**** DATA FOR PROCESSING ****

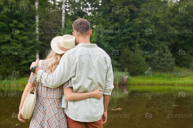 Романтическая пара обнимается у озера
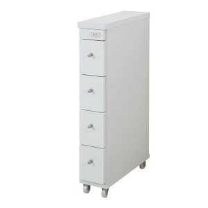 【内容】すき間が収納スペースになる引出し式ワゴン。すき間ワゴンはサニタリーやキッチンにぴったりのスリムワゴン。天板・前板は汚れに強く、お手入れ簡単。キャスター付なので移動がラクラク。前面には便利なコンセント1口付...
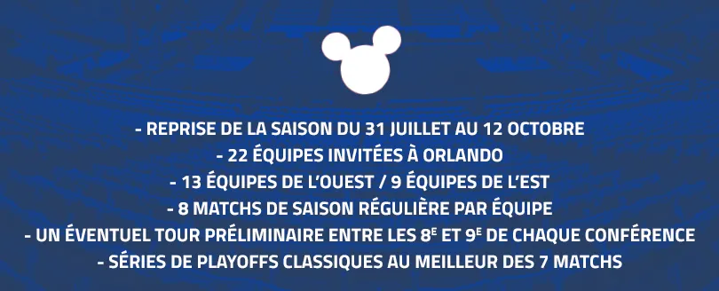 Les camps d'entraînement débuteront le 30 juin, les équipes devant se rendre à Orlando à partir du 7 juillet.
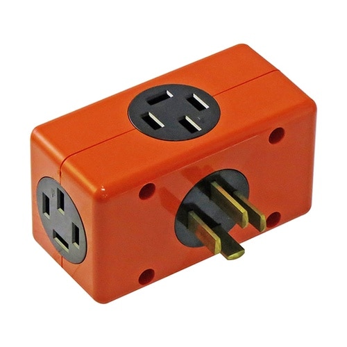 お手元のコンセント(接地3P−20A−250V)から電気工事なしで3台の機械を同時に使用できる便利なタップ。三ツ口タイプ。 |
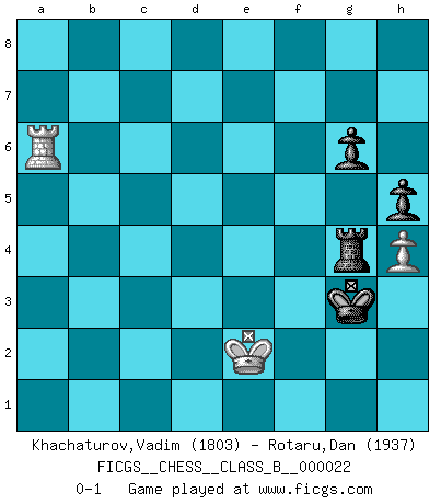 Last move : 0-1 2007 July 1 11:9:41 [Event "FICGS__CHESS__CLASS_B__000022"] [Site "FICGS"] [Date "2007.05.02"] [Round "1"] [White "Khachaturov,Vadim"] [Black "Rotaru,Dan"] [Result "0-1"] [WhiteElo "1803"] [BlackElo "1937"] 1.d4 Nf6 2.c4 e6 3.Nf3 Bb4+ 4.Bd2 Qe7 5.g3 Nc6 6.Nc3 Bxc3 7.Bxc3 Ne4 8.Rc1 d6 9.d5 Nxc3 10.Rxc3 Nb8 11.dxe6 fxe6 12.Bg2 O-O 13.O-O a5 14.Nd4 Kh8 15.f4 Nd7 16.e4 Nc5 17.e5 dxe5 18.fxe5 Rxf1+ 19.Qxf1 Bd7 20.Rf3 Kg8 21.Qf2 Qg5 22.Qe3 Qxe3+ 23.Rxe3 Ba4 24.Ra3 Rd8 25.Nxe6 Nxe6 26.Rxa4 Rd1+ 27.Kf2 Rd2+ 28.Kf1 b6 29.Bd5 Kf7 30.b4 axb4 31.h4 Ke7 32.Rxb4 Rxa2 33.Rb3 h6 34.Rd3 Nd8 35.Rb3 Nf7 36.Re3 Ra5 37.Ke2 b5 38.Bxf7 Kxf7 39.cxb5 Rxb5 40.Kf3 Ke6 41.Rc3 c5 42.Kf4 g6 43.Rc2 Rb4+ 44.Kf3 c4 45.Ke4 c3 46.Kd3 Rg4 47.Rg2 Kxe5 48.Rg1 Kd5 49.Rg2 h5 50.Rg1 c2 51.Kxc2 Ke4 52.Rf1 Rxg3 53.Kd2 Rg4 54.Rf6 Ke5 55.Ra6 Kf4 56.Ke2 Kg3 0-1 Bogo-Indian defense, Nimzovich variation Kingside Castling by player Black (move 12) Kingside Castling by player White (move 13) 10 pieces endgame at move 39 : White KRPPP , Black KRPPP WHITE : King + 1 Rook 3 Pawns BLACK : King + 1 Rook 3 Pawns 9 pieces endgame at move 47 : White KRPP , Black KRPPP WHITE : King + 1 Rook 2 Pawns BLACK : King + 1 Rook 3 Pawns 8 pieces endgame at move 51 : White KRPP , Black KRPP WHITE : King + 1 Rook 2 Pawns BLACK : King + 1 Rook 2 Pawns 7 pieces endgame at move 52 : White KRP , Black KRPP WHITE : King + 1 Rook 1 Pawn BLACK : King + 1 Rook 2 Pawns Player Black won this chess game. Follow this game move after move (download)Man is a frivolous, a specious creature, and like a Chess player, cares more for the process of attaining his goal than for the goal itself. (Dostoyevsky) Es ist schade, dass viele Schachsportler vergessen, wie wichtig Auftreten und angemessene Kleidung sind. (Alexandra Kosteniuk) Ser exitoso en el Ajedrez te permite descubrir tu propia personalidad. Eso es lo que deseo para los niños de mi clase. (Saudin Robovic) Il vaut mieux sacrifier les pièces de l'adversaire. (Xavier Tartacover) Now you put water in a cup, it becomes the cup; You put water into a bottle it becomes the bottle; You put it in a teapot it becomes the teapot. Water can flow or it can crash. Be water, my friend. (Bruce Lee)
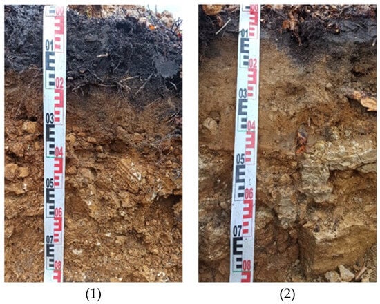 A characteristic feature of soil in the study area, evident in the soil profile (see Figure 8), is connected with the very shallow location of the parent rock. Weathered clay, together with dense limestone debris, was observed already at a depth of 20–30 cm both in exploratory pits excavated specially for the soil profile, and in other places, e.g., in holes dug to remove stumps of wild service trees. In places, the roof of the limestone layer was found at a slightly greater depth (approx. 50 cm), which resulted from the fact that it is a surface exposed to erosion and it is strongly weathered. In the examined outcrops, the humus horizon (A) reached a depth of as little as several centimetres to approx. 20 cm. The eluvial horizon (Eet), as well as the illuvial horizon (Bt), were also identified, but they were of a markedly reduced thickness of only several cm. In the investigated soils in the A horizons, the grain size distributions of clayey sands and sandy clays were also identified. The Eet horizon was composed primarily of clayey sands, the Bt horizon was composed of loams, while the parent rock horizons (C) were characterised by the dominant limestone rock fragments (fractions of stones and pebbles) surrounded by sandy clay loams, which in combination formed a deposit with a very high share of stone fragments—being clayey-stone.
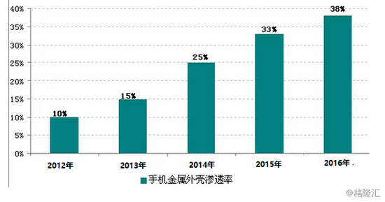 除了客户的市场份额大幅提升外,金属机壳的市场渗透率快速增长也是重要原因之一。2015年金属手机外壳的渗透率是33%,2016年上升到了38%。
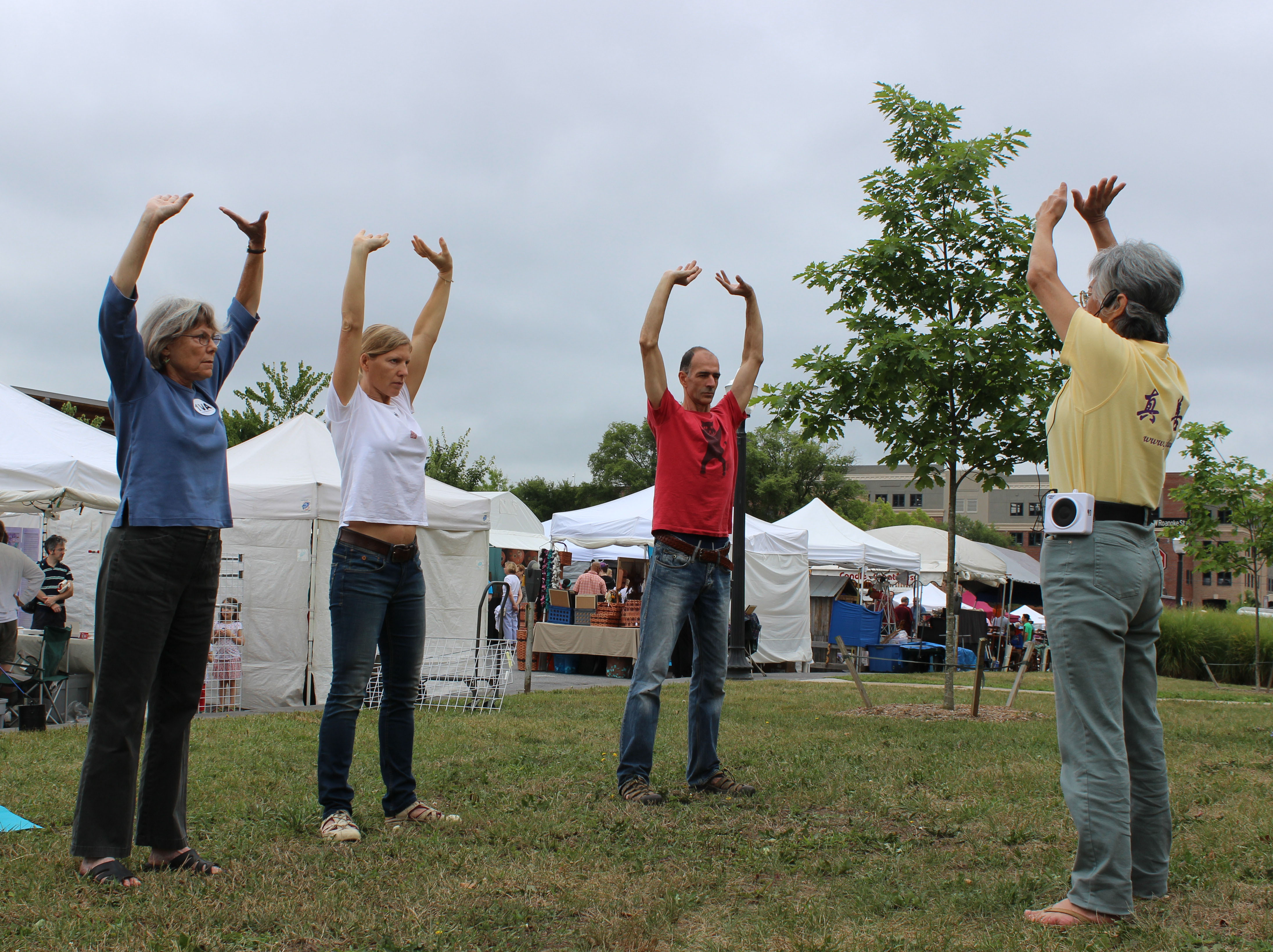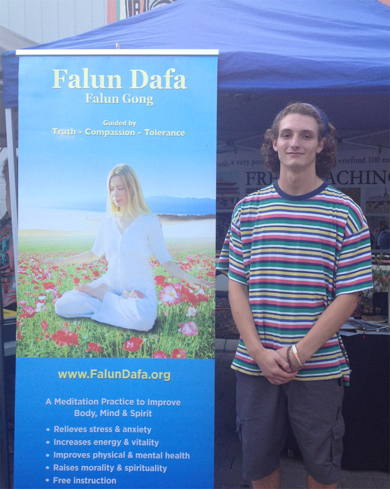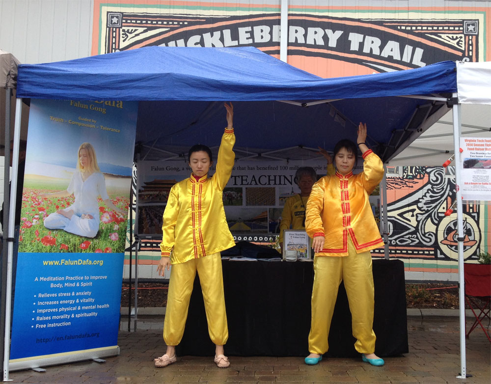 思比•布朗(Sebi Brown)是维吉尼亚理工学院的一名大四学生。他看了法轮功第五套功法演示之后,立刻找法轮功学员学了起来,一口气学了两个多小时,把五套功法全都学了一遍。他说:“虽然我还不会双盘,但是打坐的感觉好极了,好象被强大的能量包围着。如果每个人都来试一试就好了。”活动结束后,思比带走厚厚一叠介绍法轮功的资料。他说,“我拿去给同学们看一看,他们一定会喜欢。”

****

DESCRIPTION OF THE TASK -> Copy all the entries above exactly as they stand, except for the pictures.

SOLUTION ->
 Романтическая пара обнимается у озера
 【内容】すき間が収納スペースになる引出し式ワゴン。すき間ワゴンはサニタリーやキッチンにぴったりのスリムワゴン。天板・前板は汚れに強く、お手入れ簡単。キャスター付なので移動がラクラク。前面には便利なコンセント1口付...
 Les camps d'entraînement débuteront le 30 juin, les équipes devant se rendre à Orlando à partir du 7 juillet.
 お手元のコンセント(接地3P−20A−250V)から電気工事なしで3台の機械を同時に使用できる便利なタップ。三ツ口タイプ。 |
 Last move : 0-1 2007 July 1 11:9:41 [Event "FICGS__CHESS__CLASS_B__000022"] [Site "FICGS"] [Date "2007.05.02"] [Round "1"] [White "Khachaturov,Vadim"] [Black "Rotaru,Dan"] [Result "0-1"] [WhiteElo "1803"] [BlackElo "1937"] 1.d4 Nf6 2.c4 e6 3.Nf3 Bb4+ 4.Bd2 Qe7 5.g3 Nc6 6.Nc3 Bxc3 7.Bxc3 Ne4 8.Rc1 d6 9.d5 Nxc3 10.Rxc3 Nb8 11.dxe6 fxe6 12.Bg2 O-O 13.O-O a5 14.Nd4 Kh8 15.f4 Nd7 16.e4 Nc5 17.e5 dxe5 18.fxe5 Rxf1+ 19.Qxf1 Bd7 20.Rf3 Kg8 21.Qf2 Qg5 22.Qe3 Qxe3+ 23.Rxe3 Ba4 24.Ra3 Rd8 25.Nxe6 Nxe6 26.Rxa4 Rd1+ 27.Kf2 Rd2+ 28.Kf1 b6 29.Bd5 Kf7 30.b4 axb4 31.h4 Ke7 32.Rxb4 Rxa2 33.Rb3 h6 34.Rd3 Nd8 35.Rb3 Nf7 36.Re3 Ra5 37.Ke2 b5 38.Bxf7 Kxf7 39.cxb5 Rxb5 40.Kf3 Ke6 41.Rc3 c5 42.Kf4 g6 43.Rc2 Rb4+ 44.Kf3 c4 45.Ke4 c3 46.Kd3 Rg4 47.Rg2 Kxe5 48.Rg1 Kd5 49.Rg2 h5 50.Rg1 c2 51.Kxc2 Ke4 52.Rf1 Rxg3 53.Kd2 Rg4 54.Rf6 Ke5 55.Ra6 Kf4 56.Ke2 Kg3 0-1 Bogo-Indian defense, Nimzovich variation Kingside Castling by player Black (move 12) Kingside Castling by player White (move 13) 10 pieces endgame at move 39 : White KRPPP , Black KRPPP WHITE : King + 1 Rook 3 Pawns BLACK : King + 1 Rook 3 Pawns 9 pieces endgame at move 47 : White KRPP , Black KRPPP WHITE : King + 1 Rook 2 Pawns BLACK : King + 1 Rook 3 Pawns 8 pieces endgame at move 51 : White KRPP , Black KRPP WHITE : King + 1 Rook 2 Pawns BLACK : King + 1 Rook 2 Pawns 7 pieces endgame at move 52 : White KRP , Black KRPP WHITE : King + 1 Rook 1 Pawn BLACK : King + 1 Rook 2 Pawns Player Black won this chess game. Follow this game move after move (download)Man is a frivolous, a specious creature, and like a Chess player, cares more for the process of attaining his goal than for the goal itself. (Dostoyevsky) Es ist schade, dass viele Schachsportler vergessen, wie wichtig Auftreten und angemessene Kleidung sind. (Alexandra Kosteniuk) Ser exitoso en el Ajedrez te permite descubrir tu propia personalidad. Eso es lo que deseo para los niños de mi clase. (Saudin Robovic) Il vaut mieux sacrifier les pièces de l'adversaire. (Xavier Tartacover) Now you put water in a cup, it becomes the cup; You put water into a bottle it becomes the bottle; You put it in a teapot it becomes the teapot. Water can flow or it can crash. Be water, my friend. (Bruce Lee)
 A characteristic feature of soil in the study area, evident in the soil profile (see Figure 8), is connected with the very shallow location of the parent rock. Weathered clay, together with dense limestone debris, was observed already at a depth of 20–30 cm both in exploratory pits excavated specially for the soil profile, and in other places, e.g., in holes dug to remove stumps of wild service trees. In places, the roof of the limestone layer was found at a slightly greater depth (approx. 50 cm), which resulted from the fact that it is a surface exposed to erosion and it is strongly weathered. In the examined outcrops, the humus horizon (A) reached a depth of as little as several centimetres to approx. 20 cm. The eluvial horizon (Eet), as well as the illuvial horizon (Bt), were also identified, but they were of a markedly reduced thickness of only several cm. In the investigated soils in the A horizons, the grain size distributions of clayey sands and sandy clays were also identified. The Eet horizon was composed primarily of clayey sands, the Bt horizon was composed of loams, while the parent rock horizons (C) were characterised by the dominant limestone rock fragments (fractions of stones and pebbles) surrounded by sandy clay loams, which in combination formed a deposit with a very high share of stone fragments—being clayey-stone.
 除了客户的市场份额大幅提升外,金属机壳的市场渗透率快速增长也是重要原因之一。2015年金属手机外壳的渗透率是33%,2016年上升到了38%。
 思比•布朗(Sebi Brown)是维吉尼亚理工学院的一名大四学生。他看了法轮功第五套功法演示之后,立刻找法轮功学员学了起来,一口气学了两个多小时,把五套功法全都学了一遍。他说:“虽然我还不会双盘,但是打坐的感觉好极了,好象被强大的能量包围着。如果每个人都来试一试就好了。”活动结束后,思比带走厚厚一叠介绍法轮功的资料。他说,“我拿去给同学们看一看,他们一定会喜欢。”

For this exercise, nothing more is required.